Customs requirements can also bring headaches. Customs is required to inspect shipments and ensure that they meet the standards required (for example, not counterfeit, has country of origin labeling and is made using FDA-approved materials). They also facilitate import tariffs (which vary based on the guidelines for the product). Customs can potentially reject your shipment, order it destroyed or impose fines.

One seller we know of was importing food from overseas. A particular canned product they brought in had a small amount of meat in it, which, unbeknown to them meant that the shipment should have also been inspected by USDA. They received the shipment with it having cleared Customs inspection and started distributing the product, when a couple of weeks later, USDA suddenly sent an inspector to their doorstep. The product had to be recalled and they were fined. While they had used a brokerage to deal with their imports, liability still ultimately fell on the seller – ignorance is not seen as an excuse.

Now, you might not be importing food (this is just an example), but all sorts of legalities are involved with importing, sometimes across different government departments who don’t necessarily communicate with each other.

What can you do? First of all, learn as much as you can about the import process and the rules that apply to the product/s you import. Ultimately, you are responsible as the importer. Secondly, try to find a good brokerage with experience in importing your types of products. Many of them don’t seem to want to give any advice, but good ones tend to be willing to point you in the right direction.

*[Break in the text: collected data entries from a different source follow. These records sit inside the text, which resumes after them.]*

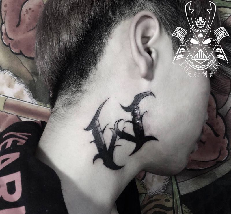 当前位置: 首页 >四川省成都市纹身店-天府刺青工作室纹身图案>遮盖纹身图片_成品颈部欧美字符纹身图案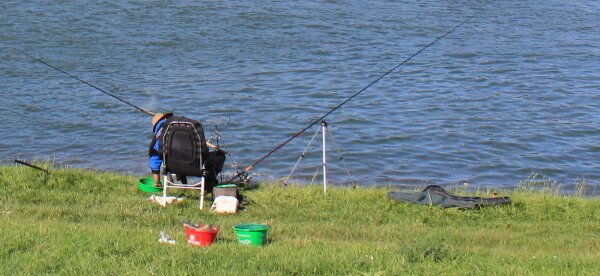 Nicht nur der Spaziergänger besieht sich das Rheinufer. An seinem Rand sitzen die angelberechtigten Fischer das AVK. Dank deren auf wenig Bewegung und Ruhe bedachten Jagdmethode, wird die friedliche Atmosphäre nicht gestört.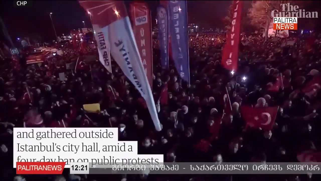 სტამბოლში ოპოზიციონერი მერის, ეკრემ იმამოღლუს მხარდამჭერი საპროტესტო აქცია გრძელდება. ქვეყნის პრეზიდენტის გაფრთხილების მიუხედავად, რომ საპროტესტო აქციების მიმართ ტოლერანტობა არ იქნება, ქუჩაში ასიათასობით ადამიანია გამოსული და ქალაქის მერის დაკავებას აპროტესტებს. აქცია ძირითადად მშვიდ ვითარებაში მიმდინარეობს. ვრცელდება ცნობები, რომ რამდენიმე ლოკაციაზე აქციის მონაწილეები ბარიკადების გარღვევას შეეცადნენ, რის გამოც სამართალდამცველებმა დემონსტრანტების უკან დასახევად წიწაკის სპრეი და წყლის ჭავლი გამოიყენეს. დემონსტრაციები იმართება დედაქალაქ ანკარასა და იზმირშიც, სადაც პოლიციამ აქციის მონაწილეთა დასაშლელად წყლის ჭავლი გამოიყენა. ეკრემ იმამოღლუ კორუფციისა და ტერორისტული კავშირების ბრალდებით ოთხშაბათს დააკავეს.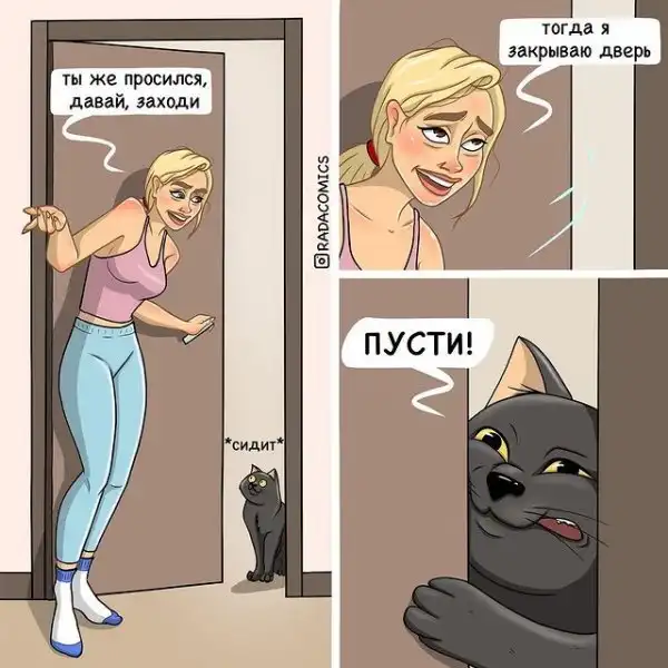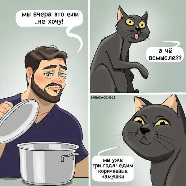 Для кого-то маленькая рыбка в аквариуме уже выглядит, как полноценный домашний зверинец. А есть и те, кому и двух кошек будет мало. Например, художница по имени Рада обожает своих домашних любимцев. Она даже посвятила им целый комикс. Собака Шаня и два кота по кличке Кирилл и Пурр являются для нее бескрайним источником позитива и вдохновения. Судя по ее комиксам, с этой компанией скучать не приходится.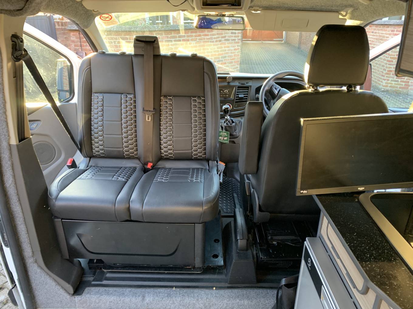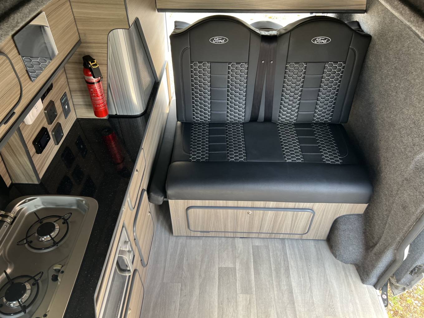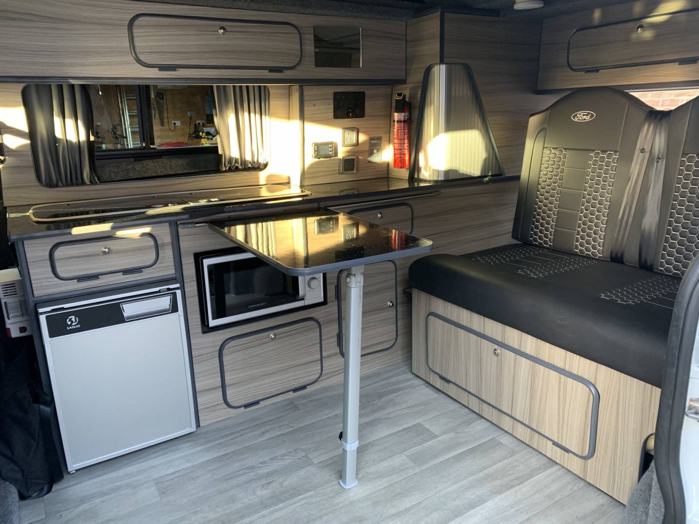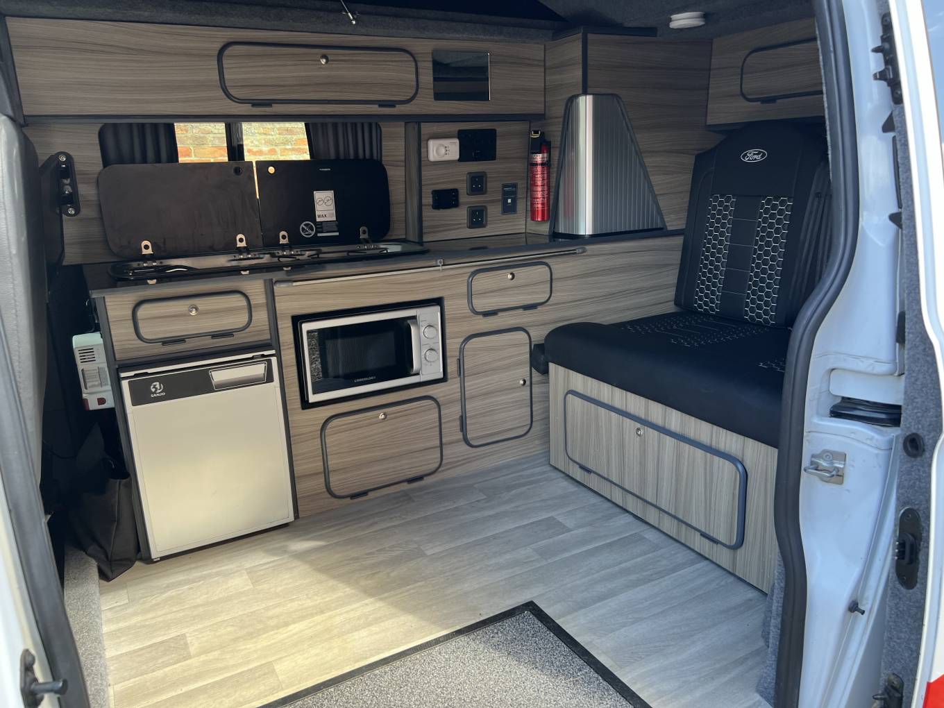 This is a great 4 berth, Ford Transit Custom pop top, professional, campervan conversion. The build quality is excellent, based on a Ford Transit Custom chassis and it’s an ideal campervan or day van, given the 5 seatbelts. Leather upholstery throughout and minimal use by the current owner.

As for shipping issues, all you can really do is build a buffer into your orders and ensure that reorders are happening with plenty of time so that you don’t have a stockout.

Overseas or local inventory sourcing? Get our guide to pros and cons here

Final thoughts

Sourcing your inventory from overseas can be great for enabling you to purchase at low cost and sell for a good margin, but there are always risks involved.

Product quality is always a common one that comes up, while issues such as intellectual property infringements or hiccups with the importing process are also possible risks to deal with.

That being said, there are plenty of sellers making a very good living through importing their inventory – you just need to do your due diligence and take a few steps to mitigate those possible issues.